Prolonged exposure typically is applied at an individual level, one on one with a psychotherapist who has the appropriate training. You begin with a series of sessions on psycho-education. You might include progressive muscle relaxation. You might include interoceptive exposure depending on the patient-specific symptom set. Thereafter, you would go about a series of what we call exposures, usually imaginal exposures, so the patient begins re-engaging with the trauma.
One of the key things that we know supports ongoing maintenance in post-traumatic disorder symptoms is avoidance. It makes perfect, reasonable sense that if you had a traumatic experience, you are not interested in thinking about that traumatic experience again and again. Unfortunately, that avoidance behaviour can often also cause the symptoms that we see associated with post-traumatic stress disorder.

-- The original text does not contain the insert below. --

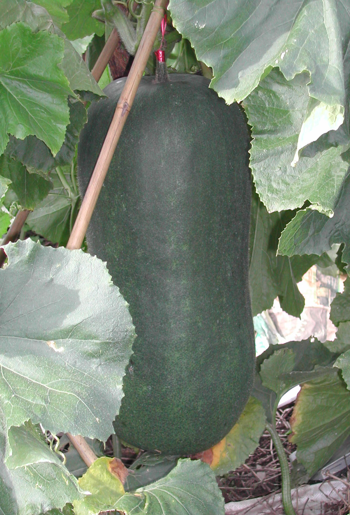 winter melon. Photo taken in Hong Kong.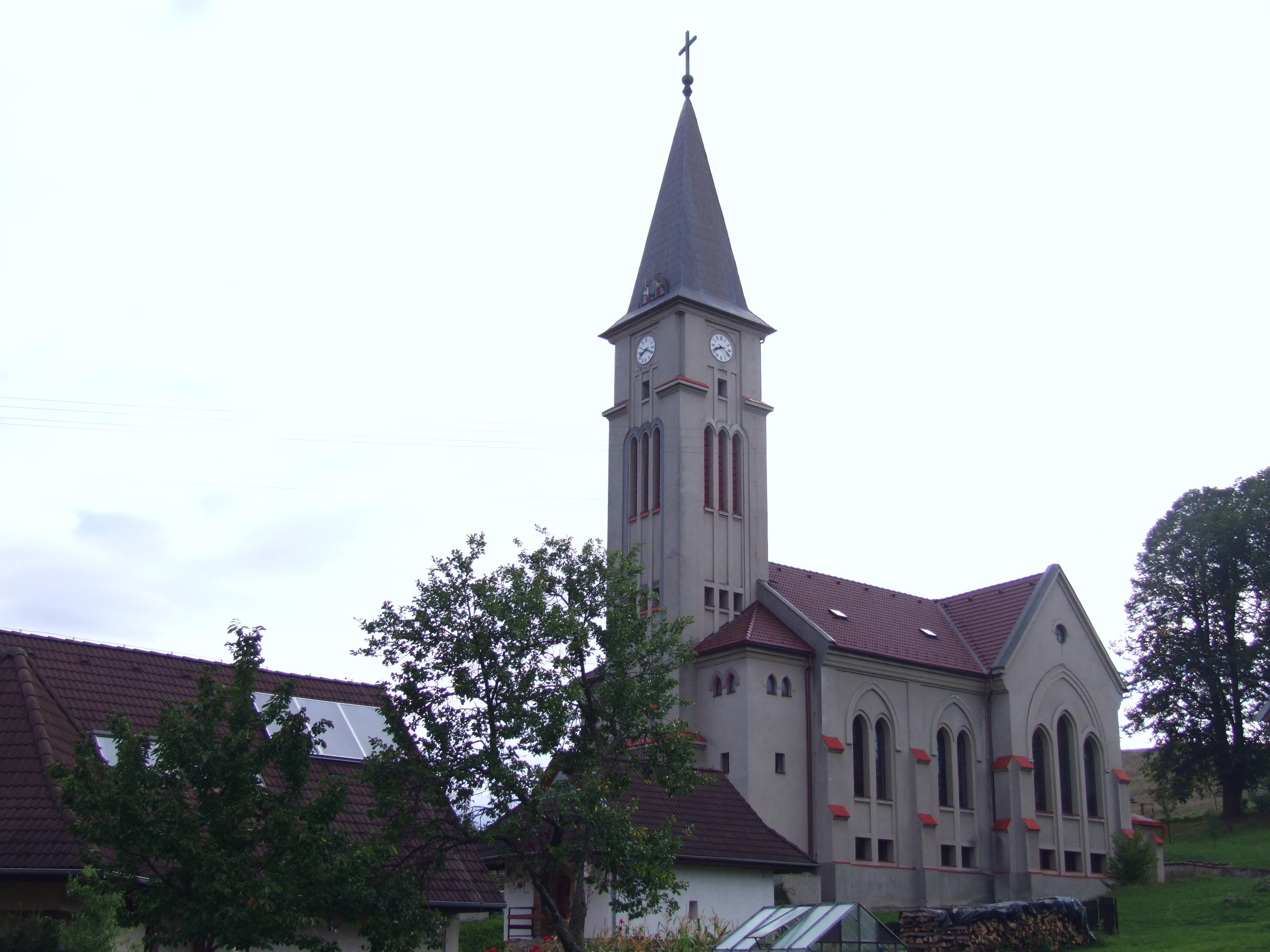 Žiar, Liptovský Mikuláš District

So it becomes a facilitating mechanism. You engage with that trauma in an appropriate way, and in an appropriate environment, by having the patient retell the trauma, having the patient imagine the trauma, and work with the psychotherapist in order to take some of the sting or the edge off, if you will. It doesn't remove the memory, but instead of having it be debilitating to consider what had happened, we can make it distressing. Eventually, hopefully, we can make it an unfortunate memory as opposed to something that the patient is having to re-engage with daily.
That is prolonged exposure in a nutshell.